Upon graduating, 134th in his class of 164, from the Academy in June 1915, Prichard received the rank of second lieutenant and was assigned to the 1st Infantry Regiment. He served at Eagle Pass, Texas, from September 1915 to April 1916 and participated in the Pancho Villa Expedition into Mexico from April to August 1916. While serving in Mexico, Prichard was promoted to the rank of first lieutenant. Prichard returned to West Point for temporary duty during the fall of 1916 but returned to Mexico from December through February 1917.

===World War I===
In May 1917, a month following the American entry into World War I, Prichard was promoted to the rank of captain of the Infantry Branch. He sailed for the Western Front via England on January 8, 1918. He entered Germany with the Army of Occupation via Belgium and Luxembourg and served in Germany and France through June 1919.

===World War II===
Prichard remained lifelong friends with his backfield partner, Dwight D. "Ike" Eisenhower. Eisenhower later recalled that he looked for "natural leaders" from the ranks of football. Eisenhower believed that football, more than any other sport, instilled the belief that victory comes from teamwork and dedication.

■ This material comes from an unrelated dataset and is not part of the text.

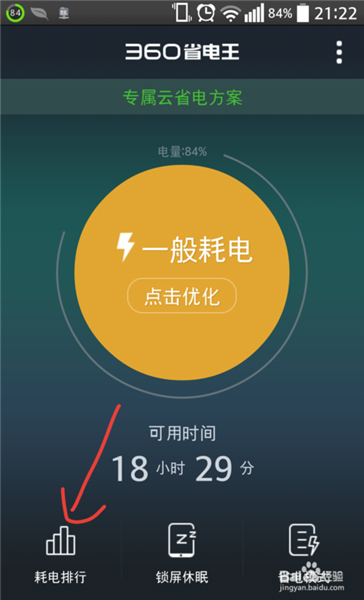 3、進(jìn)入360省電王軟件界面,點(diǎn)擊上面的“點(diǎn)擊優(yōu)化”可以將一些不使用的軟件,而在使用的CPU、內(nèi)存清除掉。點(diǎn)擊“耗電排行”查看你的手機(jī)軟件耗電排行。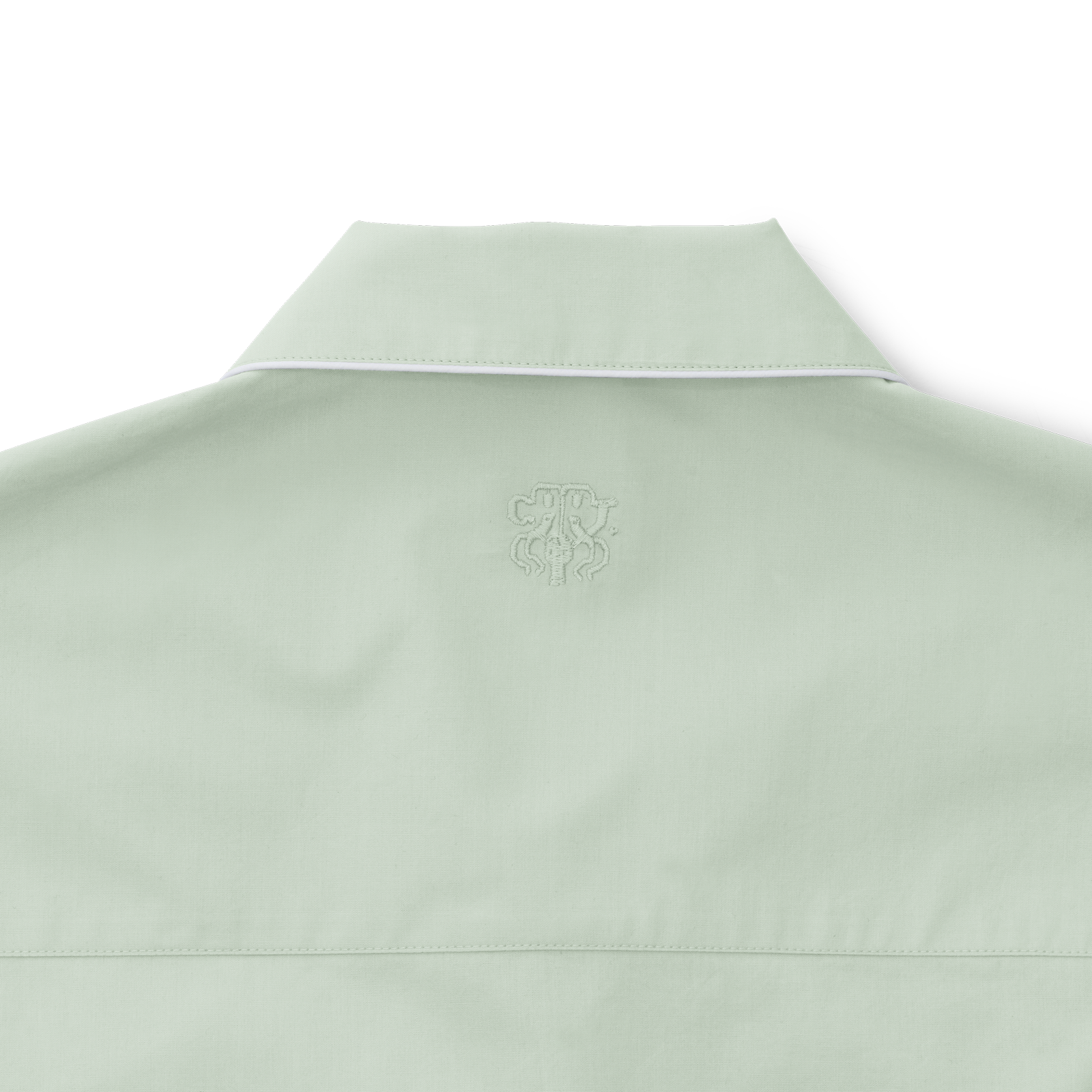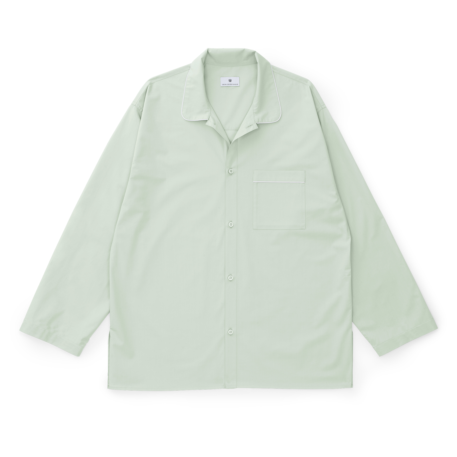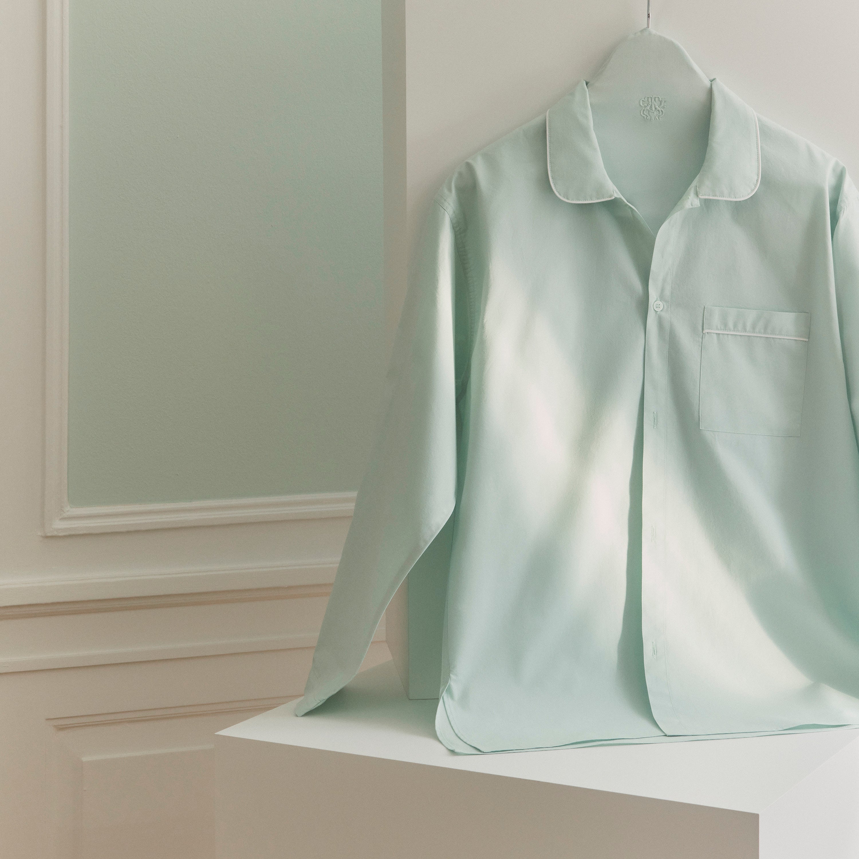 Unisex pyjamas percale-woven in Supima cotton. The pyjamas have a classic cut and elegant white pipings. The clear, green-blue color, Glass Green, is inspired by the color of raw glass.

He identified Prichard as one of the officers with football background who had "measured up" during the war.

Choosing to remain in the army in the period between the wars, he attended the United States Army War College from September 1939 until June 1940.

During World War II, Prichard served as the Commanding Officer (CO) of the 27th Field Artillery Regiment from 1940–41, and received a promotion to colonel in the Army of the United States (AUS) on April 26, 1941. He served as chief of staff of the 4th Armored Division from 1941–42. On February 16, 1942 he was promoted to the rank of brigadier general (AUS). and was again promoted, on September 9, to major general (AUS). At the same time he was made Commanding General (CG) of the 14th Armored Division, a post he held until July 1944. From July 1944 until September 1945, after the end of World War II in Europe, he was the CG of the 1st "Old Ironsides" Armored Division during the Italian campaign, including the Battle of the Gothic Line, Po Valley and the Spring 1945 offensive in Italy.

Prichard and Eisenhower exchanged correspondence during the war. Shortly after the United States entered the war, in December 1941, Eisenhower wrote a letter to Prichard in which he confided, "this is a long tough road we have to travel." In an oft-quoted passage, Eisenhower continued his comments to Prichard, noting that, "men that can do things are going to be sought out just as surely as the sun rises in the morning," and, "fake reputations, habits of glib and clever speech, and glittering surface performances are going to be discovered."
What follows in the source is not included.